# Rosie The Court Dog



## KZoppa (Aug 14, 2010)

http://www.nytimes.com/2011/08/09/n...e-victim-15-testify.html?pagewanted=1&_r=1&bl



What is you opinion on this? I personally think this is a fabulous idea. Petting an animal has been proven to decrease stress levels and help ease fears. Allowing an animal into the court room to help ease the fear rape victims feel facing their attacker is a plus. Trying to get necessary information from a scared child can be made difficult and animals help ease that fear because animals just have that amazing ability to be your best friend no matter what. I think the idea to have a dog in the court room to help ease fears and stress is a good thing because people who wouldnt normally be able to mentally handle the situation out of fear which can cause extreme stress and lead victims to just shut down and important information to never get out in the open to punish the offender.

There are dogs who help kids read just by being there with them when the child would normally have trouble reading in front of a person.
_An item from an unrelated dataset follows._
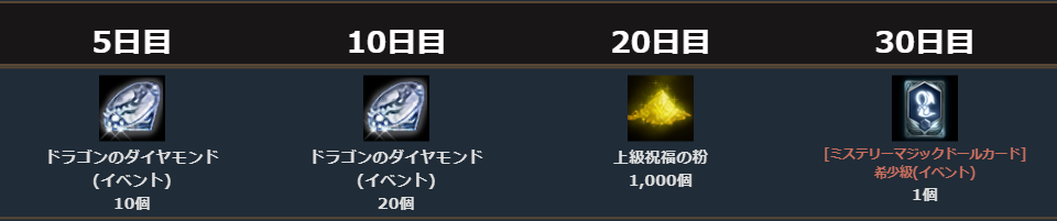 また、連続出席報酬30日目は「[ミステリーマジックドールカード]希少級(イベント)」が獲得できます。
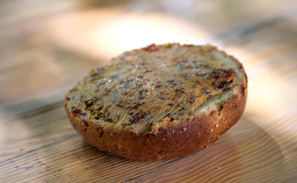 08:29, 29. Jun. 2025 GPN 23 Tomatenbutter 1.jpg (Datei) 383 KB Kasiandra Brötchenhälfte bestrichen mit einer veganer Tomatenbutter 1

Why not apply the same idea of someone NOT judging and providing support and comfort in the courtroom? 

I think its a good idea.


----------



## arycrest (Feb 28, 2006)

This is the first I've heard of allowing a service dog in a court room to help someone give testimony, sounds like a good idea ... however ... I can also understand it could also influence a jury seeing a dog's reaction with the witness as some type of affirmation that the witness is being honest or deceitful. My vote goes to allowing the dogs in court, but will understand if they're found illegal by higher courts.


----------



## Wolfiesmom (Apr 10, 2010)

I think it's a great idea when they are used for comfort, especially for little kids.


----------



## KZoppa (Aug 14, 2010)

I can understand the possible views as well but they REALLY need to take into account that little kids will shut down faster than anyone when they're scared or nervous and being in a courtroom because you were in a situation to need to be there in the first place is scary enough and then you're being grilled by some stranger who may or may not change gears to a softer questioning so as not to scare the child further. Guess we'll see how it goes. I think its a good idea.


----------



## kiwilrdg (Aug 26, 2010)

I can also see a problem if the person accused does not care for dogs (or is muslim). A jury may be unfairly swayed in favor of the story from the witness who is petting a dog if they think the accused looks angry at the witness.


----------



## KZoppa (Aug 14, 2010)

kiwilrdg said:


> I can also see a problem if the person accused does not care for dogs (or is muslim). A jury may be unfairly swayed in favor of the story from the witness who is petting a dog if they think the accused looks angry at the witness.


 
yeah but thats where it gets confusing because the accused is going to be angry anyway so the whole petting of the dog doesnt matter. The problem will come when people pay more attention to the dog than the case itself. A victim is still a victim regardless of whether there is a dog there or not. If the dog means the truth gets out and the accused is punished for their crimes, i am most definitely all for the presence of the animal in the court room and honestly, if you mess up, your race and/or religion dont matter. 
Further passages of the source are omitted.